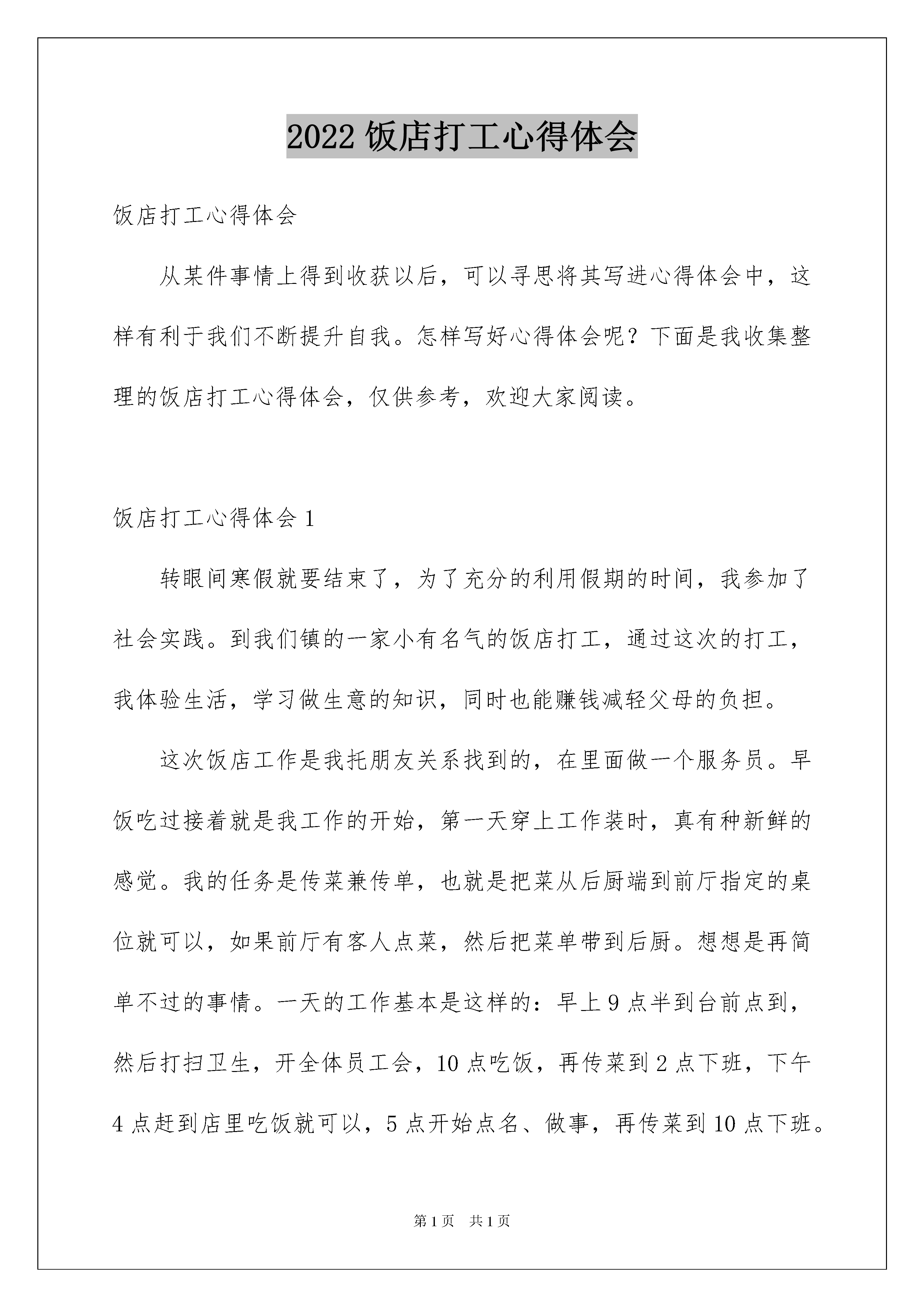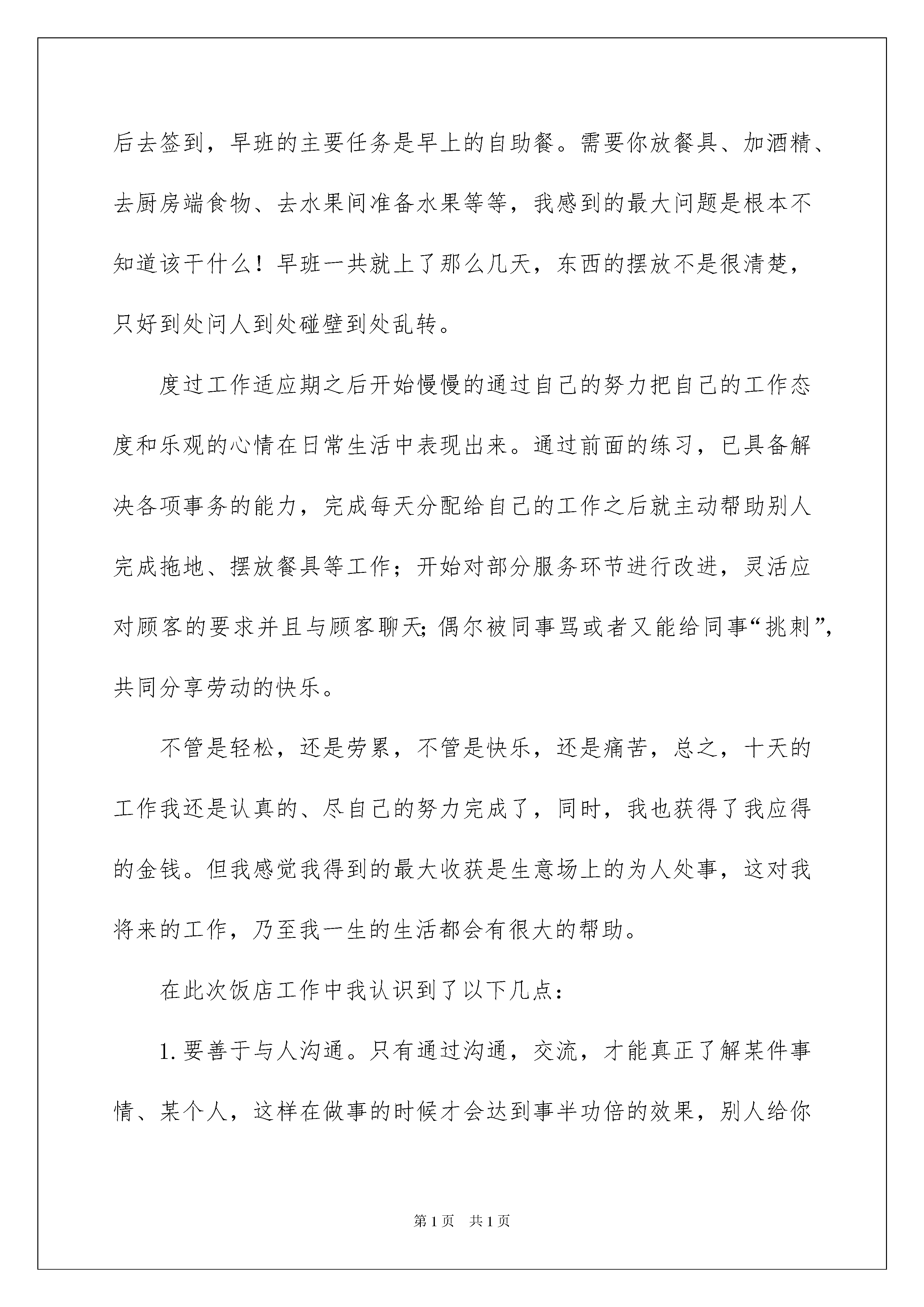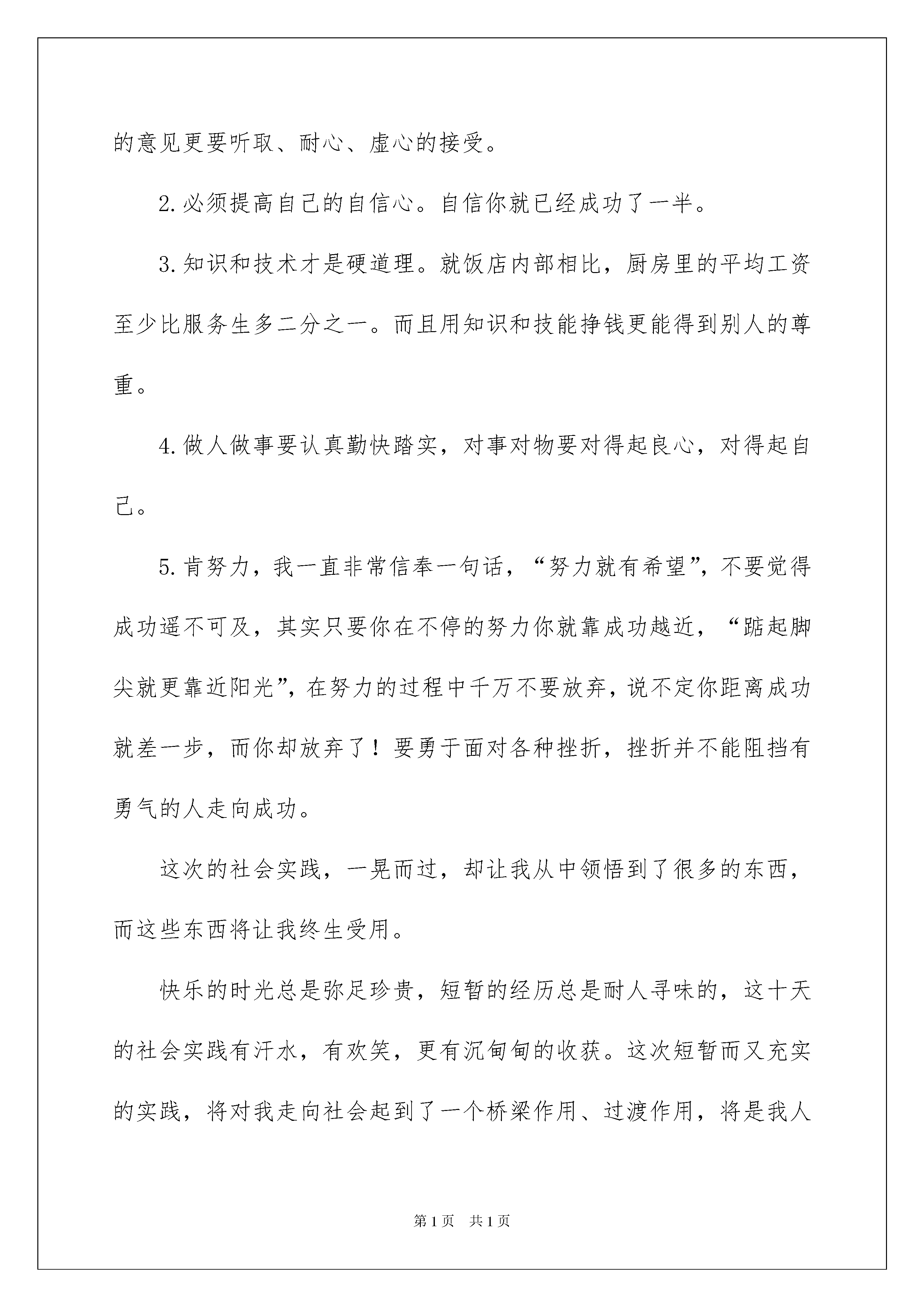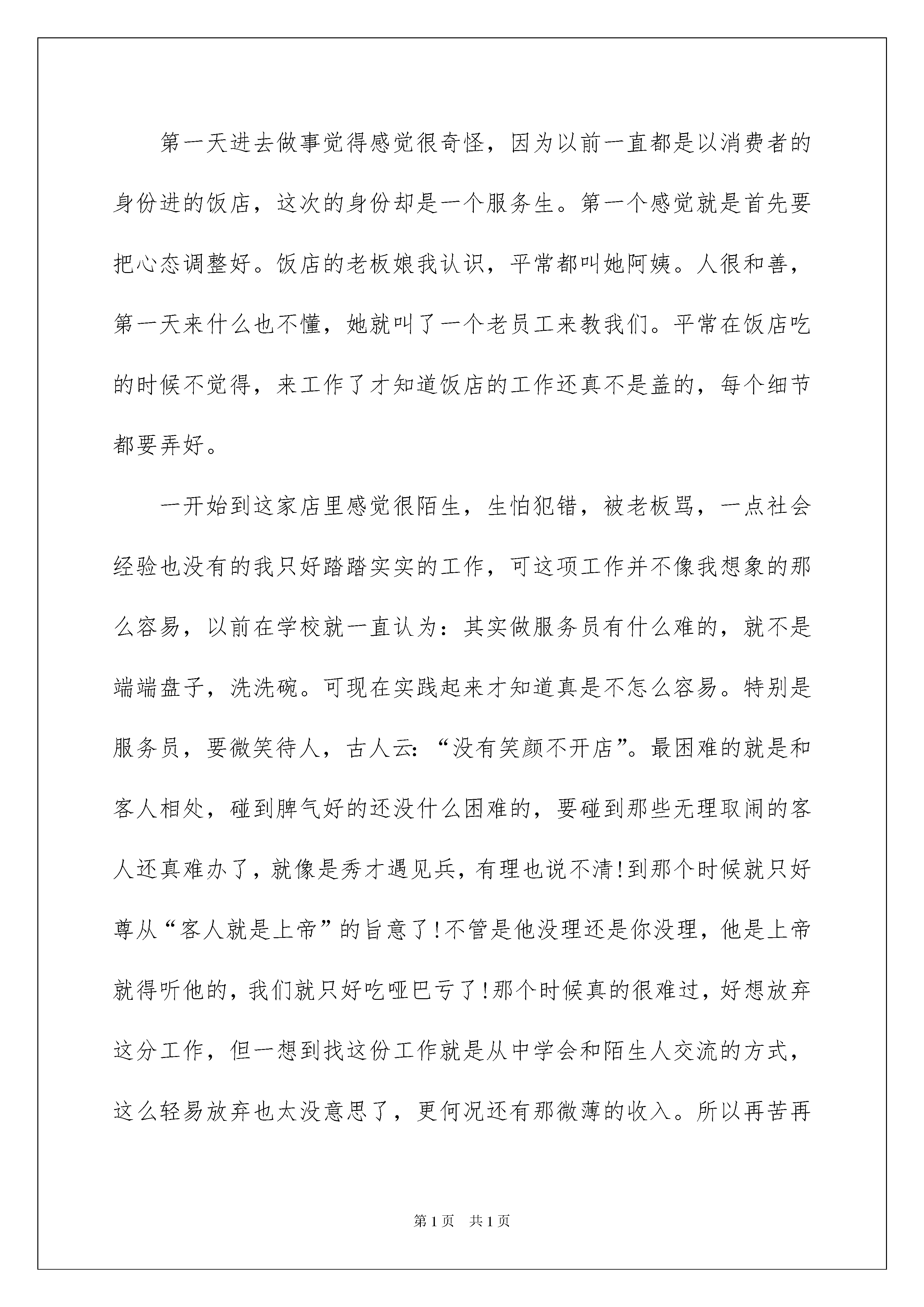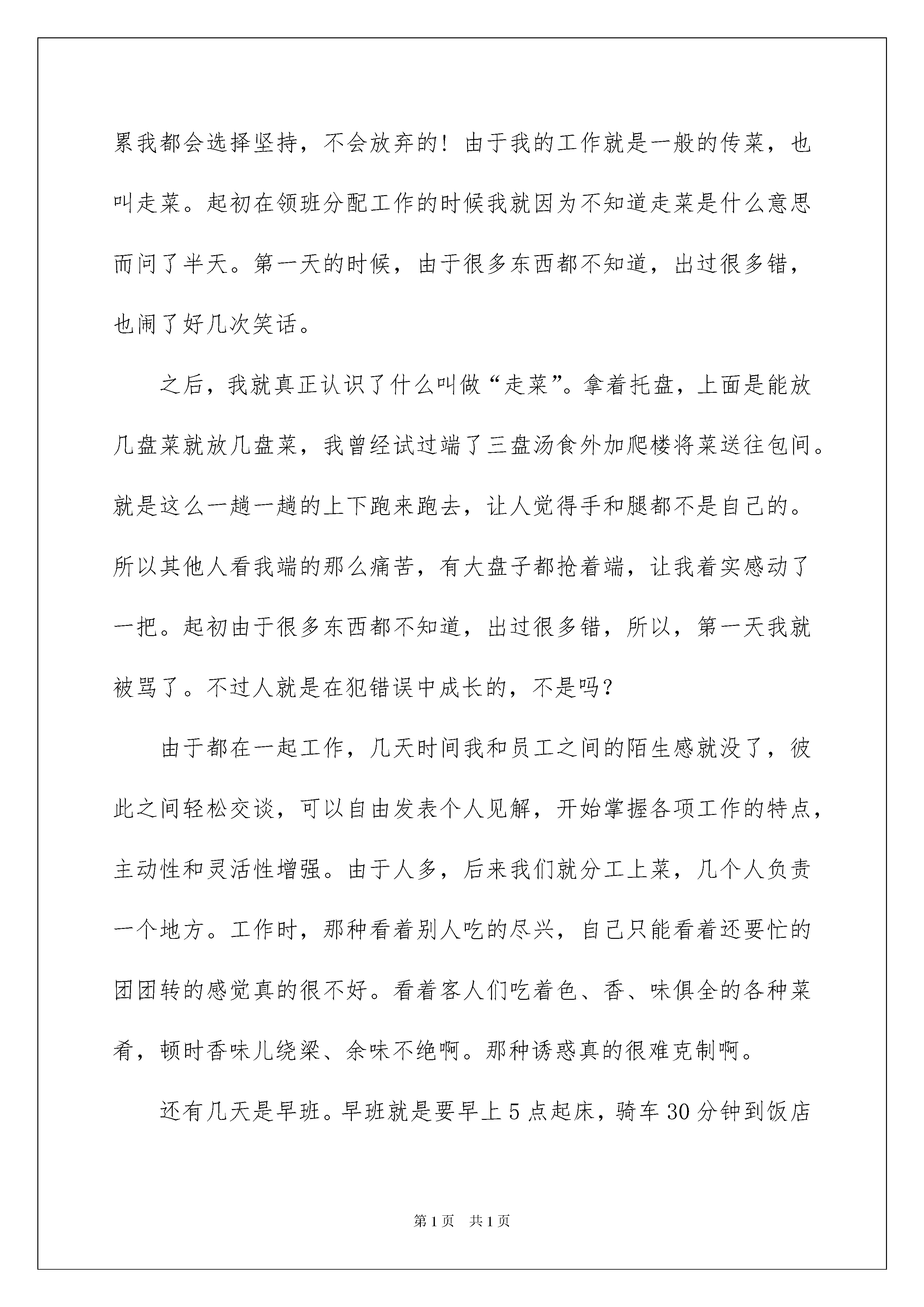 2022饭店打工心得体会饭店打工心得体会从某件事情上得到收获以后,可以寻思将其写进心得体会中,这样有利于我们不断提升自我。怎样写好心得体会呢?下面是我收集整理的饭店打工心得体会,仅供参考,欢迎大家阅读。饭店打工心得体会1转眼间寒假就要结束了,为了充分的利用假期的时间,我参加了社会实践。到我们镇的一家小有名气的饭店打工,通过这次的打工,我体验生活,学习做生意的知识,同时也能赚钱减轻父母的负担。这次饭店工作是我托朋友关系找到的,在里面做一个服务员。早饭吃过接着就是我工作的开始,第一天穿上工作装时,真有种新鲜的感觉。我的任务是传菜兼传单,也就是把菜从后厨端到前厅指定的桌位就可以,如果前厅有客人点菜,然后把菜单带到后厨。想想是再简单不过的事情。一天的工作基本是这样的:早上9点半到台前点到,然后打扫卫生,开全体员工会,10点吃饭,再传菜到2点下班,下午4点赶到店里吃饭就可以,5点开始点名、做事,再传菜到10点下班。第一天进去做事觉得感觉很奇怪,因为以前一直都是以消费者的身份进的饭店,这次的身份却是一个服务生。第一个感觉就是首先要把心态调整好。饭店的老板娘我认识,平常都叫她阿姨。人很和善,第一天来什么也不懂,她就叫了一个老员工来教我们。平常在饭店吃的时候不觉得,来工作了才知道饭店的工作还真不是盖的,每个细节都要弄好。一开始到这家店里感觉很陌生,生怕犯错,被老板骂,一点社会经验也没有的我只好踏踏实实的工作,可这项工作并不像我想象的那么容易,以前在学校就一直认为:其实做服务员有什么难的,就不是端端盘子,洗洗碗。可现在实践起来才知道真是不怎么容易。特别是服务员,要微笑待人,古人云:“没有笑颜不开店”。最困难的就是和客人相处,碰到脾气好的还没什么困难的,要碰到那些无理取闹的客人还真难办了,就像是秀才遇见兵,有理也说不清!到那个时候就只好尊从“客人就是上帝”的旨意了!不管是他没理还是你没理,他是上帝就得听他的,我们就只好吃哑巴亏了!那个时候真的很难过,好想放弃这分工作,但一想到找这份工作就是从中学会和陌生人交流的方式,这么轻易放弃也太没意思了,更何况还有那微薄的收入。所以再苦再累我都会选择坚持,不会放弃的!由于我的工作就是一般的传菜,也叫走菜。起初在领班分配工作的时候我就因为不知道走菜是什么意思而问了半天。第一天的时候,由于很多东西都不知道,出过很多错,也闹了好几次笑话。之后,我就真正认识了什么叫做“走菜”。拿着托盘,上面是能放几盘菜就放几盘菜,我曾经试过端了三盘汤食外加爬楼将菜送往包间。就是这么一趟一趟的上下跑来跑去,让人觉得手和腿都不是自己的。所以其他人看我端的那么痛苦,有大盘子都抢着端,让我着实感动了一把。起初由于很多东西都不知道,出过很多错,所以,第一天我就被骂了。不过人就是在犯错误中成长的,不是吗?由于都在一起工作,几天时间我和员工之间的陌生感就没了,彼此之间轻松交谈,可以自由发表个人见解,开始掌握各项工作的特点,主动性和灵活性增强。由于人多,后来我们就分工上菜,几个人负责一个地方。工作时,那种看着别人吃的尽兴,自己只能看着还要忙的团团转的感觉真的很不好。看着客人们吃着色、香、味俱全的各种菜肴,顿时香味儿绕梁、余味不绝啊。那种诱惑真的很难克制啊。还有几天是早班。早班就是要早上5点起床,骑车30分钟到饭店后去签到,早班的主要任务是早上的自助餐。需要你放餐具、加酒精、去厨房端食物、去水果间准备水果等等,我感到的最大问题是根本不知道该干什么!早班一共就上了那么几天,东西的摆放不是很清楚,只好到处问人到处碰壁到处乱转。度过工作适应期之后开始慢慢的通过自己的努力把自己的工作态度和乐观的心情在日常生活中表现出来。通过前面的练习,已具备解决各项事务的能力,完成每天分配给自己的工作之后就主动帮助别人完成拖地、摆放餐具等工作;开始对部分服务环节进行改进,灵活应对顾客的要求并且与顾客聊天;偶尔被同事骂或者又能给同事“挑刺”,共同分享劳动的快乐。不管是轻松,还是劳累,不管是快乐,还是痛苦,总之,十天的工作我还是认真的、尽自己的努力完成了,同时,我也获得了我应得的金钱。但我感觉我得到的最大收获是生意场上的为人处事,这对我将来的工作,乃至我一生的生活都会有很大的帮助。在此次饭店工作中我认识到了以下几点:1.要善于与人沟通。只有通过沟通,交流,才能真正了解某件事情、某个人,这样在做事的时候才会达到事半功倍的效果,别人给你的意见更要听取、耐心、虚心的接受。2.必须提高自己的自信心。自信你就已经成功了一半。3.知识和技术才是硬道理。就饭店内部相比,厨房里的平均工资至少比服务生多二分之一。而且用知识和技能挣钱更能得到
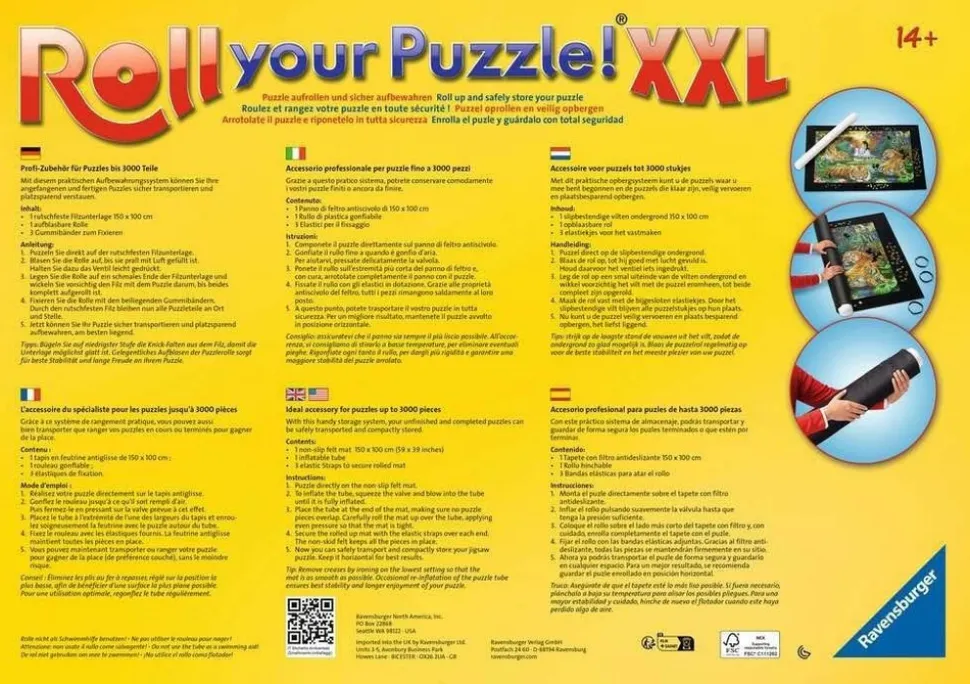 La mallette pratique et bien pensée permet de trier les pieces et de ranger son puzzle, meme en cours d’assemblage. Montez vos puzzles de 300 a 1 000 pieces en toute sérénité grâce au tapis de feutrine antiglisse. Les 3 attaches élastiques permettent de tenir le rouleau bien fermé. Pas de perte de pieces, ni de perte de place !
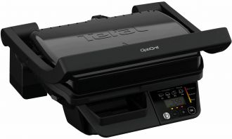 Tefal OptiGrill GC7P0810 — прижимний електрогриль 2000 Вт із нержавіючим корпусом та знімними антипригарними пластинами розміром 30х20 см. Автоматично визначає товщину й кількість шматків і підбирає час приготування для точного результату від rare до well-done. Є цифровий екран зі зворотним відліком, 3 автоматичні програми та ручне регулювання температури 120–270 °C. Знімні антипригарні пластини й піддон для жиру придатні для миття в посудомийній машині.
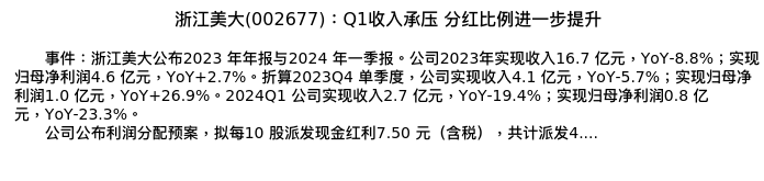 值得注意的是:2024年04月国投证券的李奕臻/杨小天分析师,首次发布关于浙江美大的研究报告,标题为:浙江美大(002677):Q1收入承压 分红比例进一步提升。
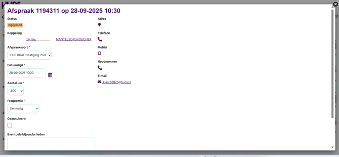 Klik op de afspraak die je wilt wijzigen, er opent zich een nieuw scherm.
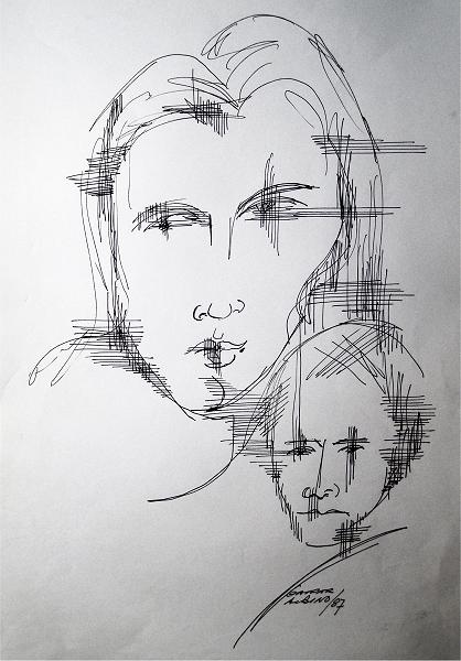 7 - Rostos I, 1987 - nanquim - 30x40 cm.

--------------------------------------------------

#### [What this task involves]
Every line from the one containing "Tefal OptiGrill GC7P0810" through the last line of the data is to be retyped exactly, with nothing added and no pictures included.

#### [Exercise output]
 Tefal OptiGrill GC7P0810 — прижимний електрогриль 2000 Вт із нержавіючим корпусом та знімними антипригарними пластинами розміром 30х20 см. Автоматично визначає товщину й кількість шматків і підбирає час приготування для точного результату від rare до well-done. Є цифровий екран зі зворотним відліком, 3 автоматичні програми та ручне регулювання температури 120–270 °C. Знімні антипригарні пластини й піддон для жиру придатні для миття в посудомийній машині.
 值得注意的是:2024年04月国投证券的李奕臻/杨小天分析师,首次发布关于浙江美大的研究报告,标题为:浙江美大(002677):Q1收入承压 分红比例进一步提升。
 Klik op de afspraak die je wilt wijzigen, er opent zich een nieuw scherm.
 7 - Rostos I, 1987 - nanquim - 30x40 cm.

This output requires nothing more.